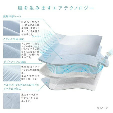 【商品説明】 ・マットの中に風を通して蒸れを軽減。 ・マット内に風が流れて、蒸れにくい心地よさへ。 ・湿気をしっかり排出。排出ファンを側面に持ってくることで、掛け布団がかぶさりにくくマット面も広々使えます。 ・ファンを取り外すと全て洗えます。本体カバーは洗濯機で、3次元ファイバーは水で洗えます。 【仕 様】 ●サイズ/幅110×長さ100×高さ6cm ●重さ/約2.5kg ●材質/表地:ポリエステル50%・綿50%、中材:POE100%、裏地:ポリエステル85%・綿15% ●電源/AC100V ●消費電力/2.6W ●生産国/中国 ●洗濯機可(付属カバーのみ) ●脱水機可(付属カバーのみ) ●乾燥機可(付属カバーのみ)
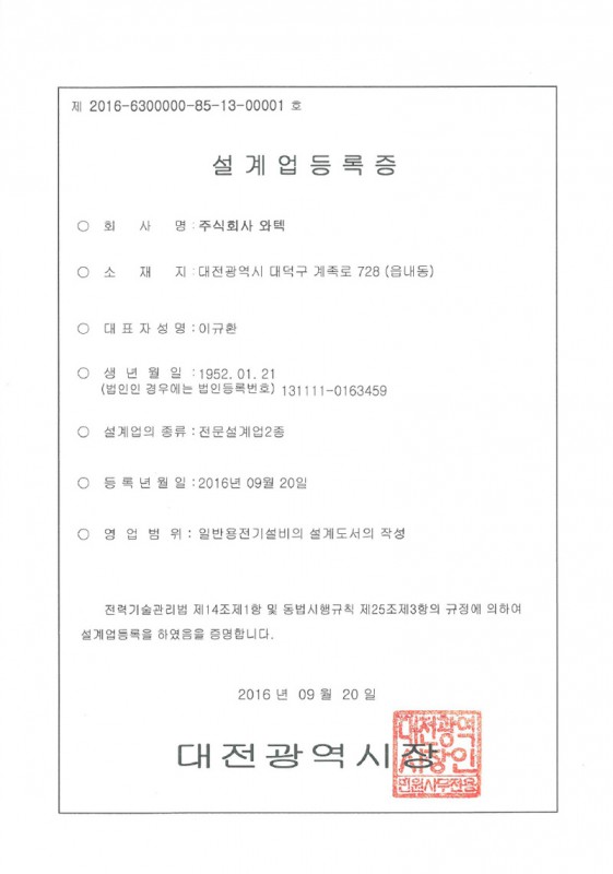 전기 설계업 등록증
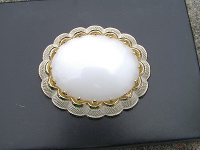 Vintage Beautiful Milk glass white enamel BROOCH pin
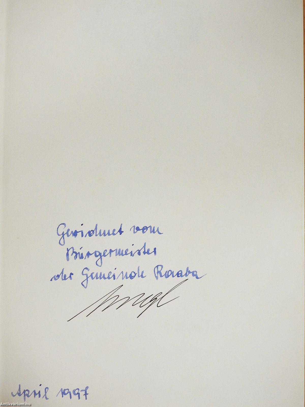Az előzéklapon Raaba polgármestere, Josef Gangl dedikációja látható.
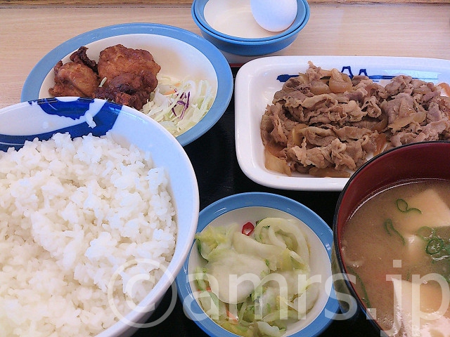 食べた物:牛皿唐揚げ定食 500円,豚汁セット 220円
■ ■ ■ ■ ■
- [Task goal]
Only the lines from the one with "Az előzéklapon Raaba" through the last line of the records above are wanted, copied exactly and with pictures omitted.

- [Solution for this task]
Az előzéklapon Raaba polgármestere, Josef Gangl dedikációja látható.
 食べた物:牛皿唐揚げ定食 500円,豚汁セット 220円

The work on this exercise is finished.